Nashville State Community College - History

History

It has its origins in a planned redevelopment of a campus on White Bridge Road which was formerly the site of Thayer Hospital, a hospital operated by what is now the United States Department of Veterans Affairs. When the hospital was relocated adjacent to Vanderbilt University and its Medical Center in the 1960s, part of its former campus became the home of Nashville State Technical Institute.

NSTI or Nashville Tech, as it was generally known, was formed to supply the training needed for positions requiring only the Associate's degree or professional certificates, but also to provide the beginning years of a more advanced technical education. At first, liberal arts offerings were essentially the minimum required for the institution to meet these goals, but the plan was always for NSTI to become a full community college. Nashville State opened in 1970 with an enrollment of 398 students.

As time went by, and liberal arts offerings increased somewhat, the school was used more and more by students who were looking to complete the first two years of a four-year degree at a more affordable cost. Some of these students found that credits earned at NSTI were hard to transfer to other accredited schools outside of the Tennessee Board of Regents system. A revamping of the curriculum was put in place to address this concern, and concurrently the institution was renamed Nashville State Community College, a pattern which had already been established at the other, similar urban technical institutes in the state.

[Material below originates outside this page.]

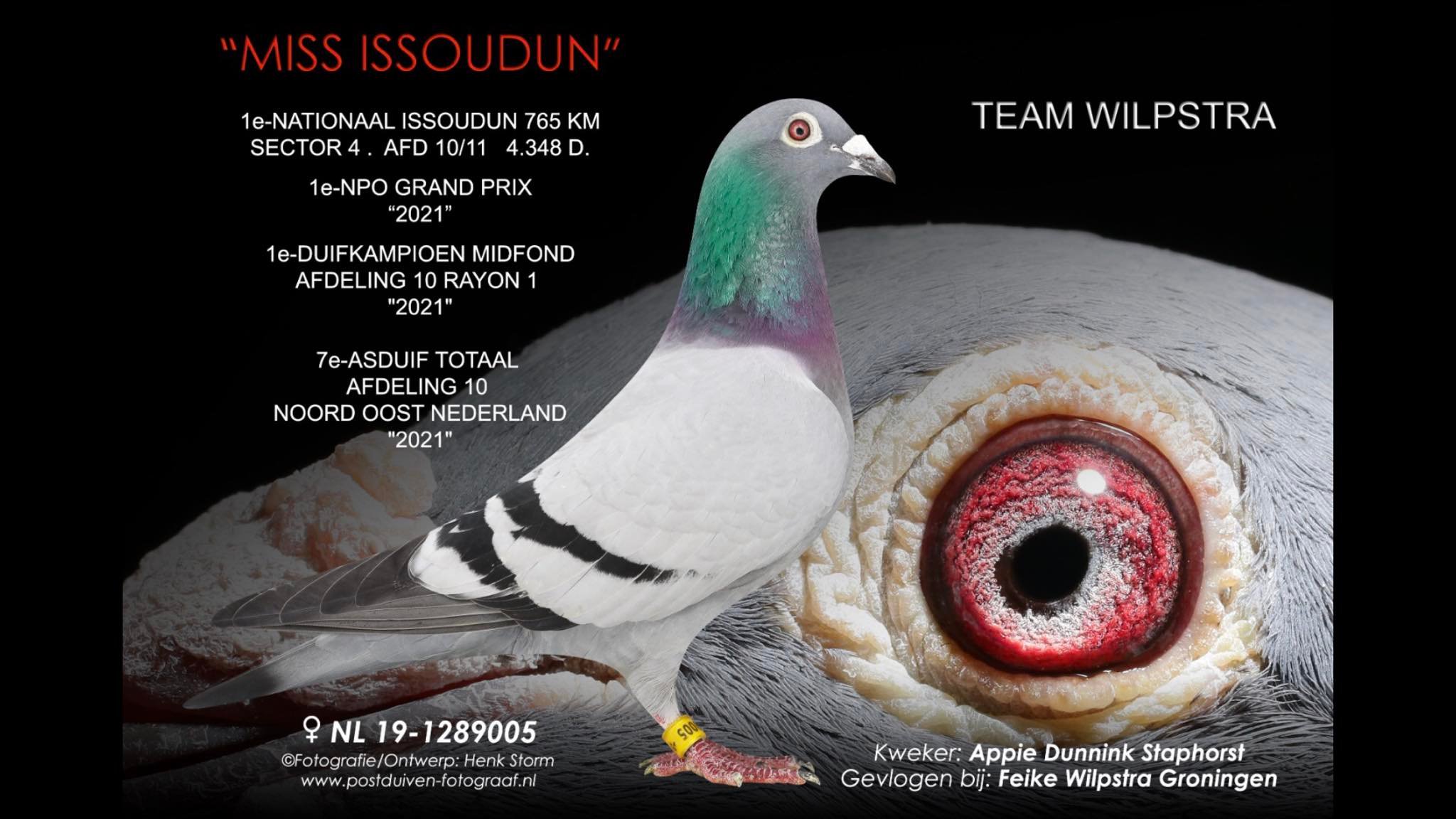 Uit: ”De 441”, uit broer ”Olympic Luna”, 2. Olympiade duif Sprint, 1. Nat. Asduif WHZB, uit dochter ”Häkkinen” x “The 538”, dochter “Harry Boy”, kl.zoon “Harry”, 1. Nat. Asduif Dagfond WHZB & “Sister Super Girl”
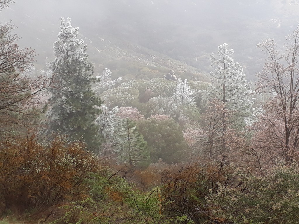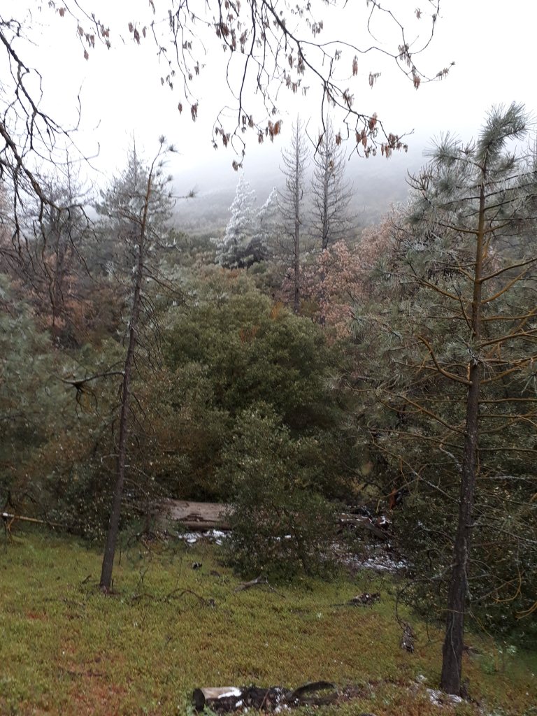 Weiter unten im Wald treffen wir Medical, er ist erst aufgestanden. Er kann es nicht fassen, Schneefall in der Wüste! Wir plaudern etwas und fragen ihn nach WC Papier, denn in Tehachapi hat es Andy vergessen einzukaufen. Medical ist recht knapp mit seinem, aber gibt uns etwas ab. Auf dem Trail hilft man sich gegenseitig aus so gut es geht. Jeder ist mal froh um Hilfe.

Unlike other community colleges operated by the Tennessee Board of Regents, Nashville State does not conduct any intercollegiate athletics programs. Under the terms of a judicial consent decree, Nashville State must carefully tailor its offerings so as not to be in direct competition for students with Tennessee State University, a historically black university also located in Nashville, which has been ordered by federal court to achieve a higher degree of racial integration.